> **WHAT YOU WILL DO**
Transcribe each entry exactly; skip the images.

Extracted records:
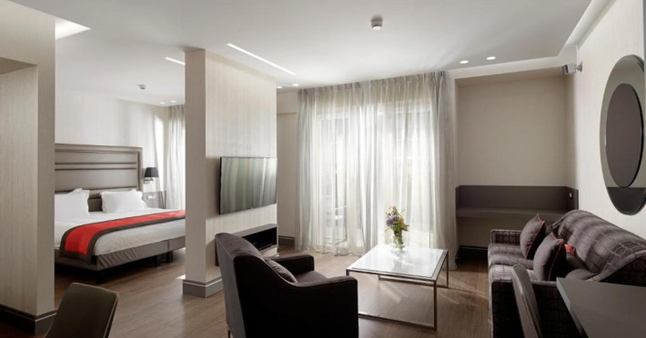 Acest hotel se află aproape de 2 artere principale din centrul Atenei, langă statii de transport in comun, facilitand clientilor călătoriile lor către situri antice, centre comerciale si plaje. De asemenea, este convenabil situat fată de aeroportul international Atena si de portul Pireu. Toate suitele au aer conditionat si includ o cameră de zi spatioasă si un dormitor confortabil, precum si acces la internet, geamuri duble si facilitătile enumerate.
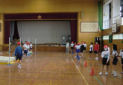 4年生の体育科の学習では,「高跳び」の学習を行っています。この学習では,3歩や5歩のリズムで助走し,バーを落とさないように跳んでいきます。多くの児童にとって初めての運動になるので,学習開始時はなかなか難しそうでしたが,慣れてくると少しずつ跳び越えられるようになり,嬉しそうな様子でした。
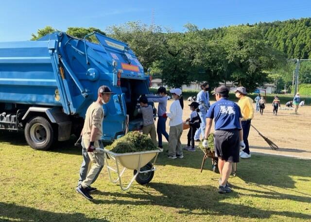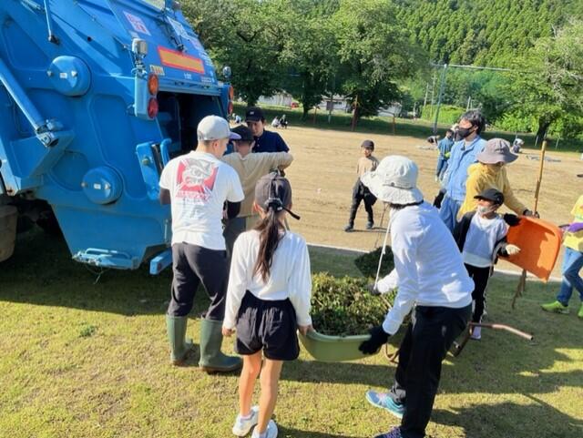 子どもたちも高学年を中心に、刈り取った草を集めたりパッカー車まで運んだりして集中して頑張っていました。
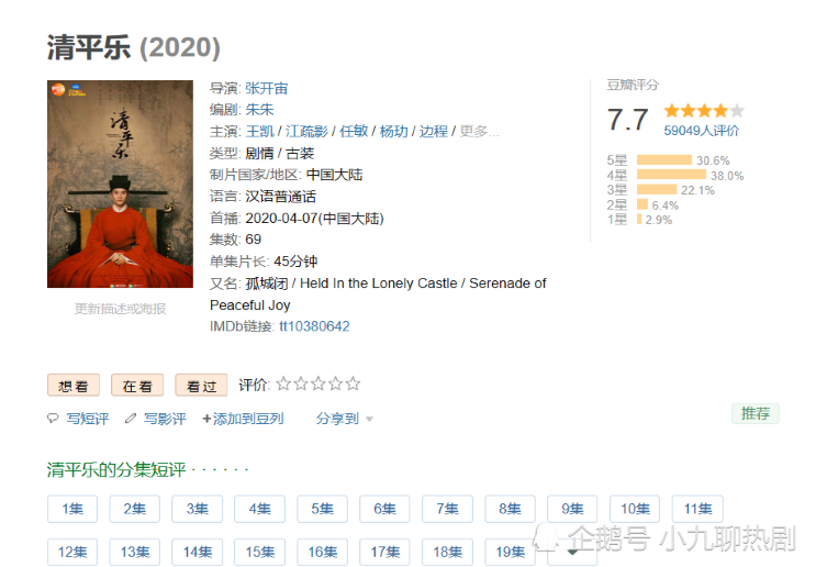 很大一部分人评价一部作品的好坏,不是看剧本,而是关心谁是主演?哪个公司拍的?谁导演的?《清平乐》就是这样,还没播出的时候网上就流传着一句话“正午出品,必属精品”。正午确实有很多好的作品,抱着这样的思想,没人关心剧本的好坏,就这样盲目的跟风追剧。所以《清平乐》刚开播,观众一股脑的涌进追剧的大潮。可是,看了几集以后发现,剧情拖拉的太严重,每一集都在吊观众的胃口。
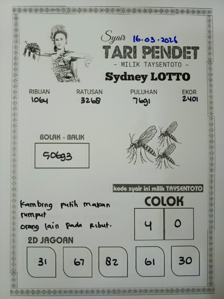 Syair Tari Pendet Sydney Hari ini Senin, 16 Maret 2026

> **FINISHED TASK**
 Acest hotel se află aproape de 2 artere principale din centrul Atenei, langă statii de transport in comun, facilitand clientilor călătoriile lor către situri antice, centre comerciale si plaje. De asemenea, este convenabil situat fată de aeroportul international Atena si de portul Pireu. Toate suitele au aer conditionat si includ o cameră de zi spatioasă si un dormitor confortabil, precum si acces la internet, geamuri duble si facilitătile enumerate.
 4年生の体育科の学習では,「高跳び」の学習を行っています。この学習では,3歩や5歩のリズムで助走し,バーを落とさないように跳んでいきます。多くの児童にとって初めての運動になるので,学習開始時はなかなか難しそうでしたが,慣れてくると少しずつ跳び越えられるようになり,嬉しそうな様子でした。
 子どもたちも高学年を中心に、刈り取った草を集めたりパッカー車まで運んだりして集中して頑張っていました。
 很大一部分人评价一部作品的好坏,不是看剧本,而是关心谁是主演?哪个公司拍的?谁导演的?《清平乐》就是这样,还没播出的时候网上就流传着一句话“正午出品,必属精品”。正午确实有很多好的作品,抱着这样的思想,没人关心剧本的好坏,就这样盲目的跟风追剧。所以《清平乐》刚开播,观众一股脑的涌进追剧的大潮。可是,看了几集以后发现,剧情拖拉的太严重,每一集都在吊观众的胃口。
 Syair Tari Pendet Sydney Hari ini Senin, 16 Maret 2026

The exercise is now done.